### INPUT MATERIAL

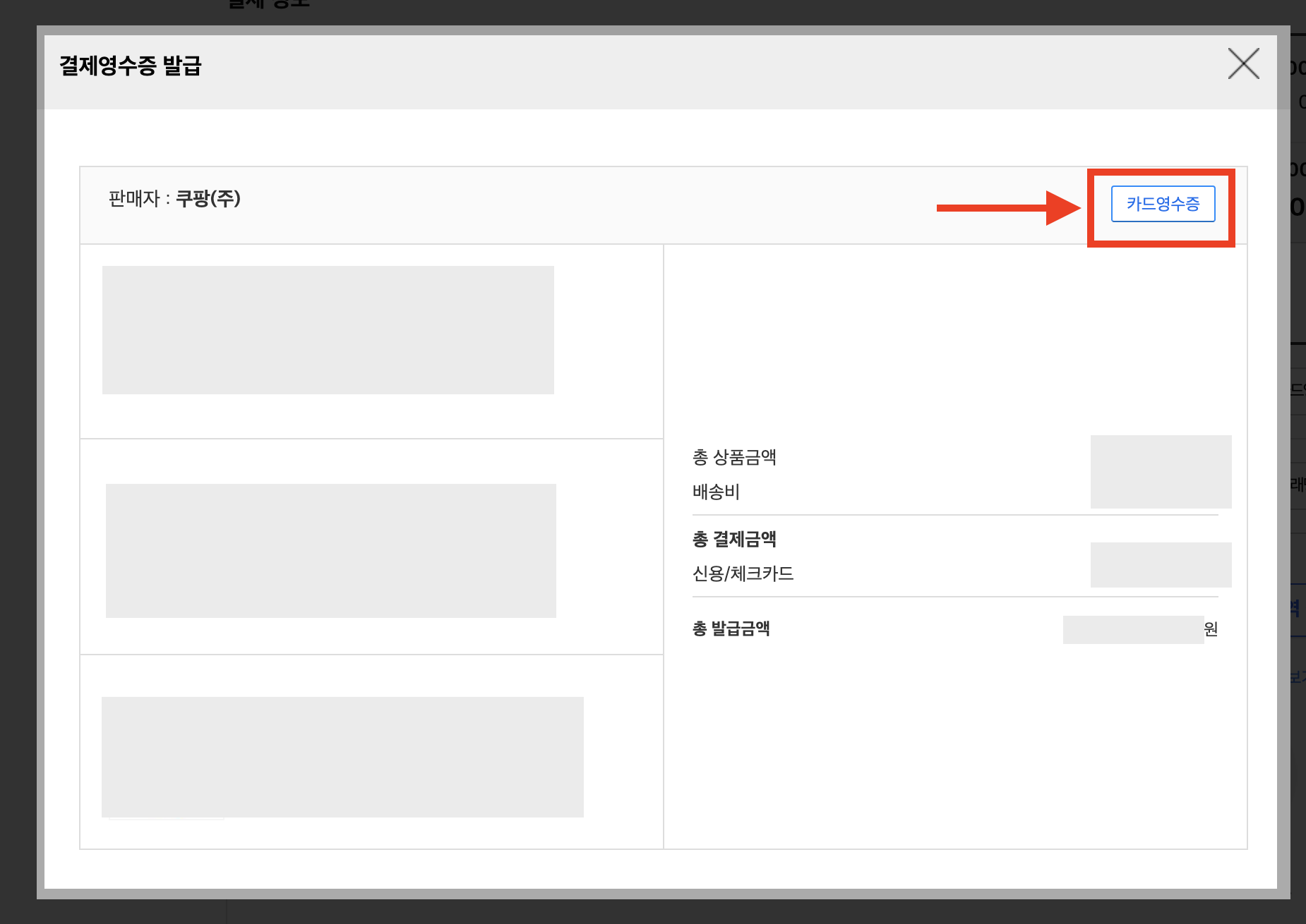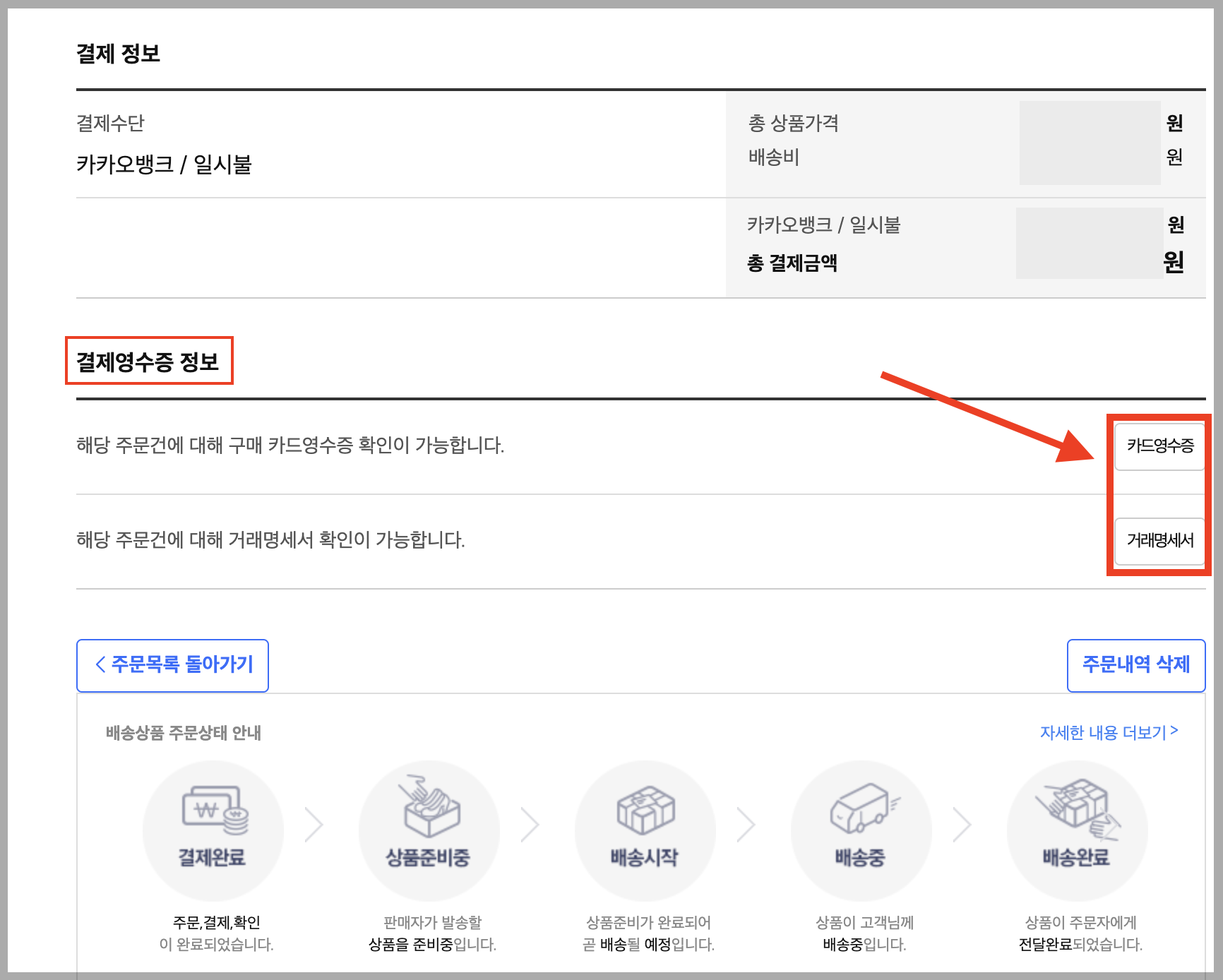 ▼ 스크롤을 아래로 주욱 내리면 [결제 영수증 정보]가 있는데, 오른쪽에 [카드영수증] 과 [거래명세서] 메뉴가 나옵니다.
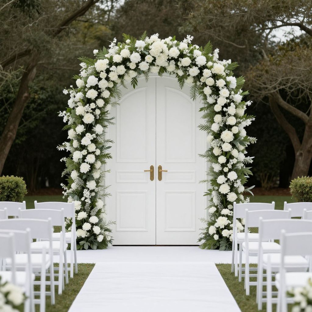 Elegant white double doors adorned with cascading floral arrangements frame a pristine outdoor wedding ceremony setup, featuring rows of white chairs flanking a central aisle pathway.
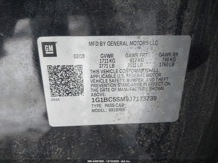 2018 CHEVROLET CRUZE - 1G1BC5SM9J7173739, цвет - Черный, 1.4, Бензин, Передний привод из США
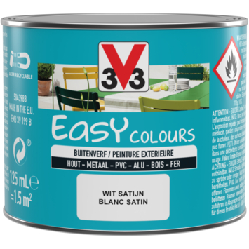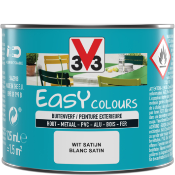 La peinture pour l'extérieur Easy Colours de V33 est votre alliée idéale pour la décoration ou la rénovation de tous types de surfaces à l'extérieur, comme vos meubles de jardin, barrières, etc. Cette peinture satinée de couleur blanc satin (125 ml) adhère à toutes les surfaces, comme des métaux (oxydés), cuivre, fer, aluminium, PVC et bois. Cerise sur le gâteau : Easy Colours est facile à appliquer, ce qui vous évite le décapage et le ponçage. Cette peinture résiste même à l'eau, aux taches, aux rayures, aux chocs, et aux intempéries. Disponible en d'autres couleurs.
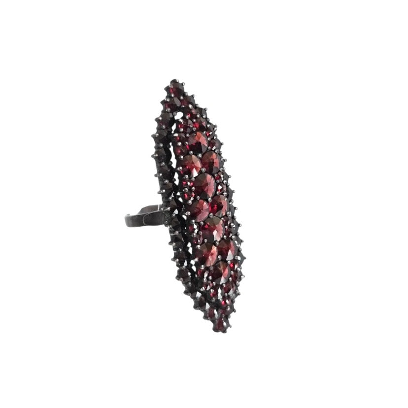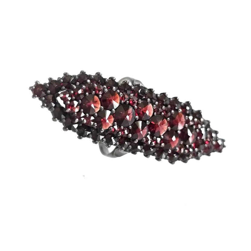 Featuring numerous rose-cut Bohemian garnets set in an 800 silver ring mounting.
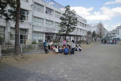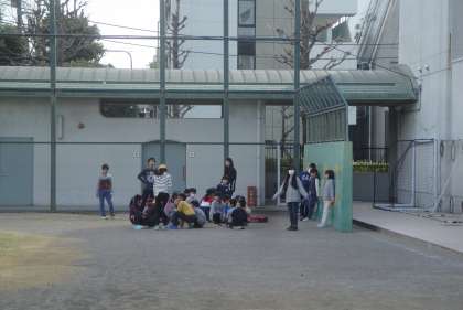最後に、校庭でたてわり班ごとのまとめを行いました。
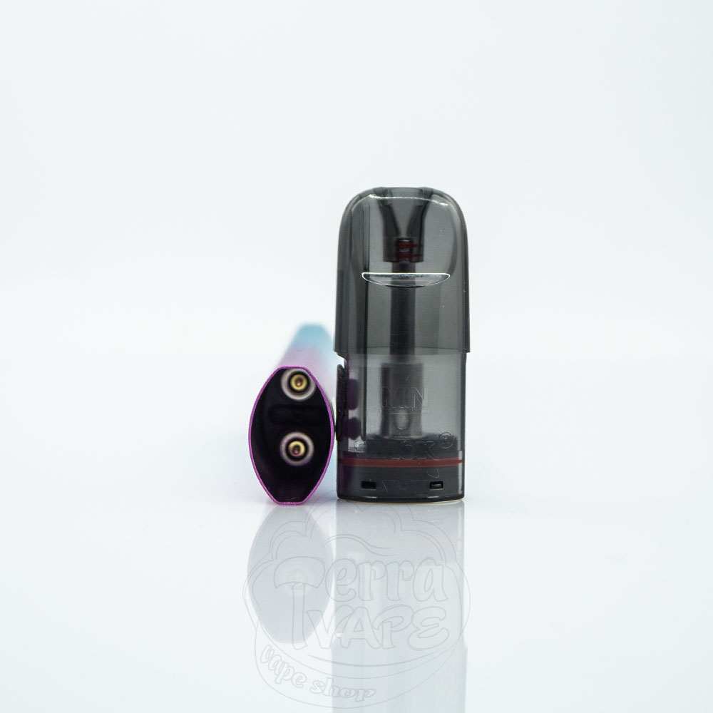 Картридж кріпиться до корпусу потужних магнітах. Вміщує до 3мл рідини для електронних сигарет. Сконструйований за принципом захисту від протікання.
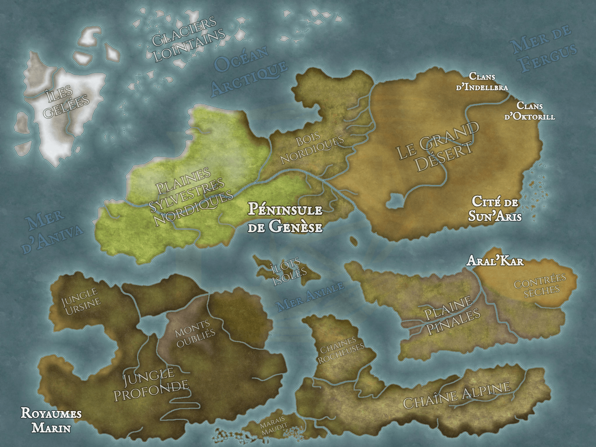 Deux tribus voisines du Grand Désert, nées d'un conflit d'héritage de pouvoirs entre frères il y a +/- 50 ans. Un fleuve, le Sepurath ("veine aride"), forme une jonction entre les territoires. Les deux clans comportent une majorité d'homme-bêtes qui vivent en autarcie via le marchandage, la chasse, l'exploration avec leurs propres cultures, traditions & croyances (dont la divinité mineure, l'Omyul où "idole au médaillon"). Ils sont également à l'origine de l'art martial du Binamu ("coussinets"). La tribu d'Indellbra possède un conseil composé des 4 plus anciens membres du clan tandis qu'Oktorill est dirigé depuis quelques générations par la famille "Iorrah".
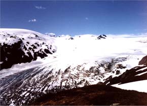 | Upon arrival at the airport, you will be transported by dog sled to your hotel. First, your dog team must navigate this ice field | ![]() |
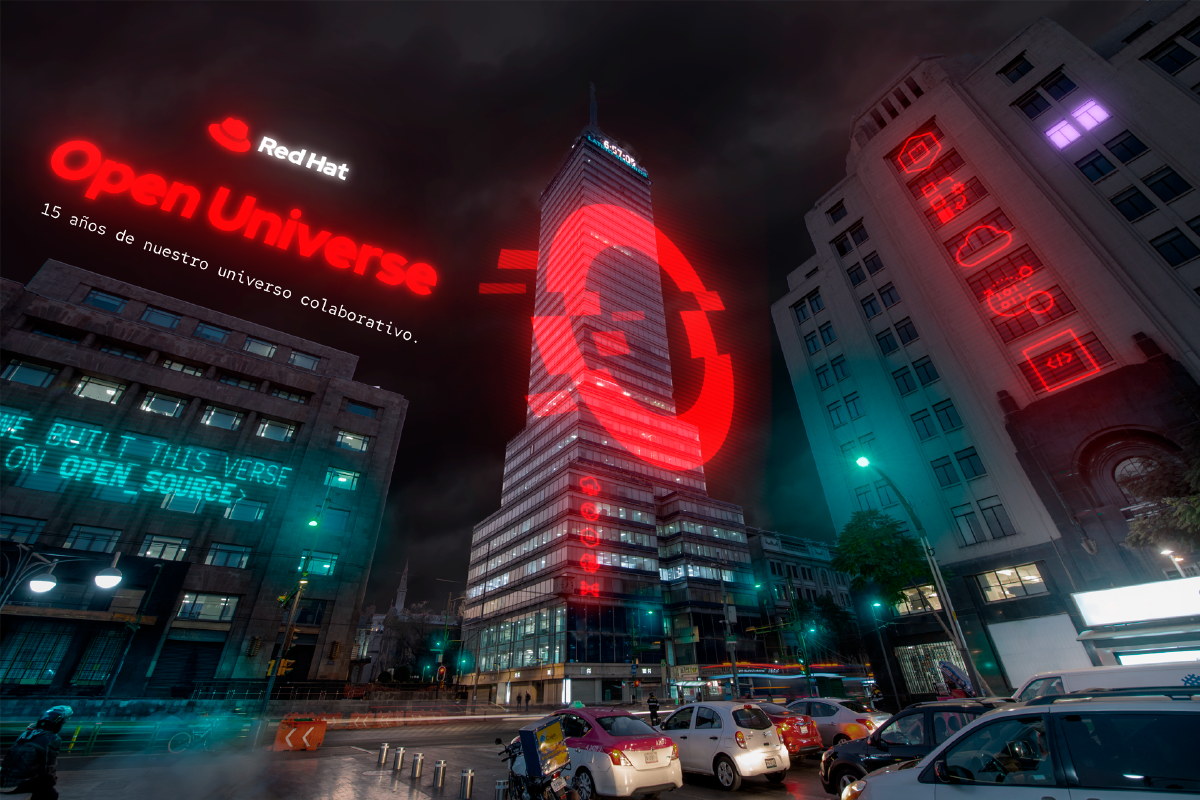 Red Hat, líder global en soluciones de código abierto, celebra 15 años de operaciones en México impulsando una visión colaborativa y acelerando la transformación digital de las empresas del país. Para conmemorarlo, transformamos el histórico ambiente barroco del Colegio de las Vizcaínas en una visión futurista digna de Blade Runner. Diseñamos una experiencia inmersiva con luces neón, proyecciones holográficas y texturas sintéticas inspiradas en la estética cyberpunk, fusionadas con el ADN de Red Hat para crear un universo visual lleno de simbolismos y reflejo del mundo futurista que la marca está construyendo en el mundo.
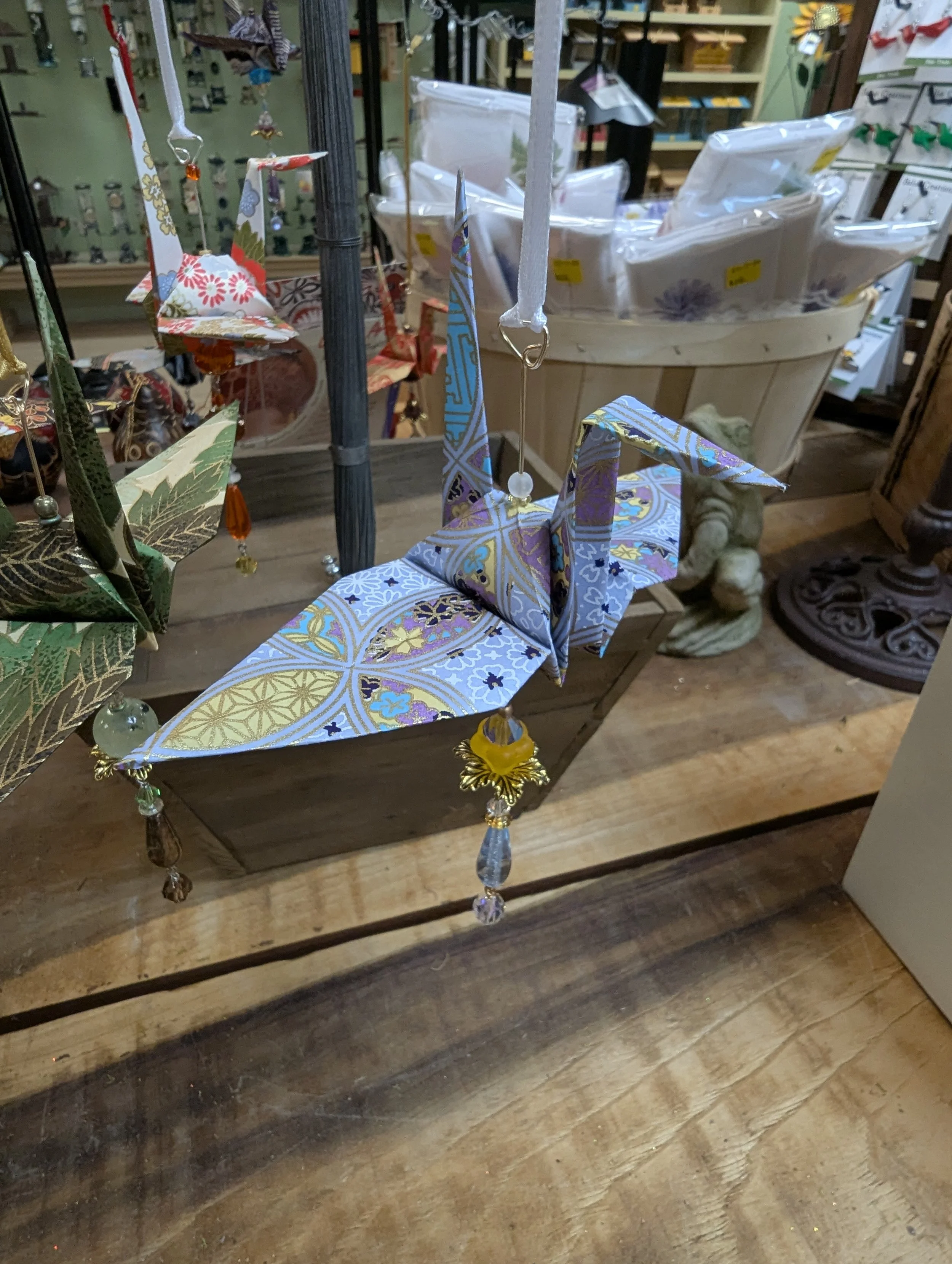 Are you looking for an ornament that is unique and produced locally by hand? Lydia Wilson, a longtime customer of ours, produces beautiful hand folded origami cranes made with unique papers as well as crystals to really catch both the light and the eye. If you are wanting a unique ornament from a local artist that is sure to be the highlight of your tree, look no further than these!
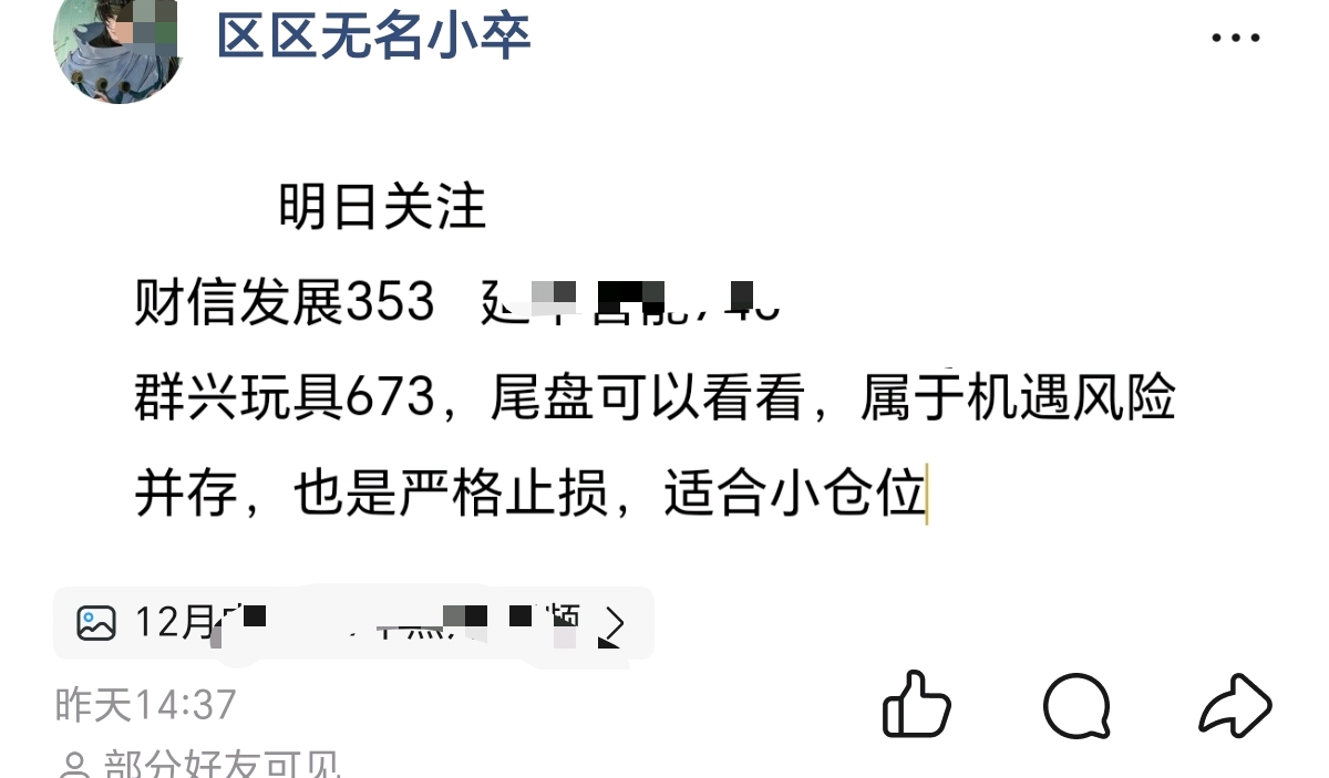 郑重声明:用户在财富号/股吧/博客等社区发表的所有信息(包括但不限于文字、视频、音频、数据及图表)仅代表个人观点,与本网站立场无关,不对您构成任何投资建议,据此操作风险自担。请勿相信代客理财、免费荐股和炒股培训等宣传内容,远离非法证券活动。请勿添加发言用户的手机号码、公众号、微博、微信及QQ等信息,谨防上当受骗!
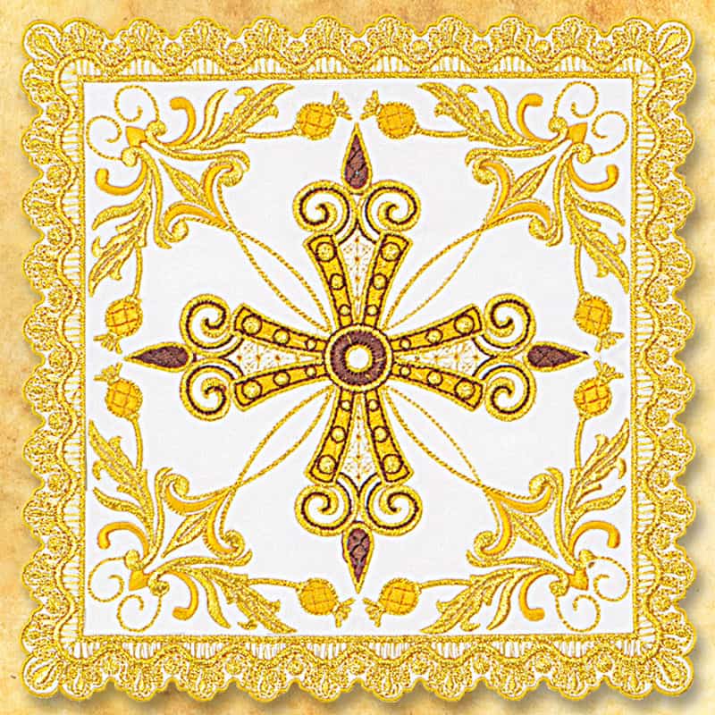 A pall richly embroidered with gold thread is a unique element of chalice linen, combining elegance with deep liturgical meaning. Made of high-quality white fabric, it is decorated with elaborate embroidery in shades of gold and bronze, creating a striking cross motif surrounded by stylized floral ornaments. Every detail has been crafted with the utmost precision, giving the pallet a refined and symmetrical design. The fabric is durable, smooth, and crease-resistant, ensuring it retains its impeccable appearance for a long time. Delicate lace trim provides an elegant finish, adding lightness and a sense of handcrafted artistry. This pall is perfect for solemn Masses, adoration and holiday celebrations, emphasizing the sacred nature of the liturgy.
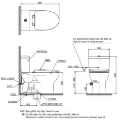 Bản vẽ kỹ thuật của Bồn cầu TOTO 2 khối nắp rửa điện tử CS302DW14#W
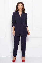 Костюм состоит из жакета и брюк. Костюм выполнен из однотонной ткани. Жакет прямого силуэта, на подкладке. Полочка жакета с вертикальными рельефами и двубортной застежкой на две пуговицы. Горловина V-образной формы. На нижней части полочки выполнены накладные карманы. Спинка со средним швом и отрезными бочками. Рукав длинный, втачной, двухшовный. Брюки со стрелками, длиной до косточки. В верхней части брюки прилегающие, в колене свободные и к низу зауженные. По передним половинам обработаны карманы, в среднем шве застежка на молнию. На задней половине обработаны талиевые вытачки. Брюки на притачном поясе с эластичной тесьмой и шлевками. Застежка по поясу на петлю и пуговицу.

### TASK TO COMPLETE
Beginning with the line that contains "Картридж кріпиться до", write out the lines of the material above exactly, and end with the line that contains "Are you looking". Omit the pictures.

### SOLUTION TO THIS TASK
 Картридж кріпиться до корпусу потужних магнітах. Вміщує до 3мл рідини для електронних сигарет. Сконструйований за принципом захисту від протікання.
 Deux tribus voisines du Grand Désert, nées d'un conflit d'héritage de pouvoirs entre frères il y a +/- 50 ans. Un fleuve, le Sepurath ("veine aride"), forme une jonction entre les territoires. Les deux clans comportent une majorité d'homme-bêtes qui vivent en autarcie via le marchandage, la chasse, l'exploration avec leurs propres cultures, traditions & croyances (dont la divinité mineure, l'Omyul où "idole au médaillon"). Ils sont également à l'origine de l'art martial du Binamu ("coussinets"). La tribu d'Indellbra possède un conseil composé des 4 plus anciens membres du clan tandis qu'Oktorill est dirigé depuis quelques générations par la famille "Iorrah".
 | Upon arrival at the airport, you will be transported by dog sled to your hotel. First, your dog team must navigate this ice field | ![]() |
 Red Hat, líder global en soluciones de código abierto, celebra 15 años de operaciones en México impulsando una visión colaborativa y acelerando la transformación digital de las empresas del país. Para conmemorarlo, transformamos el histórico ambiente barroco del Colegio de las Vizcaínas en una visión futurista digna de Blade Runner. Diseñamos una experiencia inmersiva con luces neón, proyecciones holográficas y texturas sintéticas inspiradas en la estética cyberpunk, fusionadas con el ADN de Red Hat para crear un universo visual lleno de simbolismos y reflejo del mundo futurista que la marca está construyendo en el mundo.
 Are you looking for an ornament that is unique and produced locally by hand? Lydia Wilson, a longtime customer of ours, produces beautiful hand folded origami cranes made with unique papers as well as crystals to really catch both the light and the eye. If you are wanting a unique ornament from a local artist that is sure to be the highlight of your tree, look no further than these!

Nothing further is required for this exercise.